Este no lo dejaría acercarse a su garganta, al contrario, le rompió la muñeca haciendo que soltara su arma improvisada. El dolor le arrancó lágrimas y gritos, pero no perdió del todo la cabeza. Aún tuvo la energía para terminar de quitar el seguro del catalizador en el centro de su armadura. Había sido más difícil de lo que esperaba, pero una vez hecho esto, fue sencillo.

Cuando el catalizador se vio sin combustible, el peso de la armadura sorprendió al guerrero. Fue una fracción de segundo solamente, pero al tabernero le bastó para  liberarse y correr.

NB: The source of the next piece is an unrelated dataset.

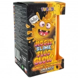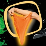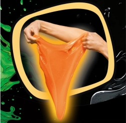 Ez az egyedülálló Jiggly Slime speciális receptúrájának köszönhetően kellemesen vibrál és remeg érintésre, miközben könnyedén nyúlik minden irányba. Ideális hosszú gyúráshoz, kézről kézre adogatáshoz, nyújtáshoz és buborékfújáshoz. A fluoreszkáló pigment telt narancssárga színt és glow-in-the-dark hatást kölcsönöz neki még szórakoztatóbb játékhoz.

Antes de cerrar la puerta de la trastienda, vio que el soldado le seguía, un poco más lento de lo que se había movido antes. Aunque no había conseguido tanta ventaja como esperaba, sería suficiente. Él era veloz y conocía los recovecos en la zona. Sólo tenía que alcanzar un terreno desfavorable para alguien con una pesada armadura.

Y sí lo hizo. Pero al llegar ahí, ya no lo seguía nadie.

Cuando regresó al bar, con una mezcla de matones de poca monta, guerreros extranjeros y emisars con conocimientos de curación y de combate, solo encontraron el cuerpo de un soldado Electo, al cual le habían robado el hueso  del catalizador.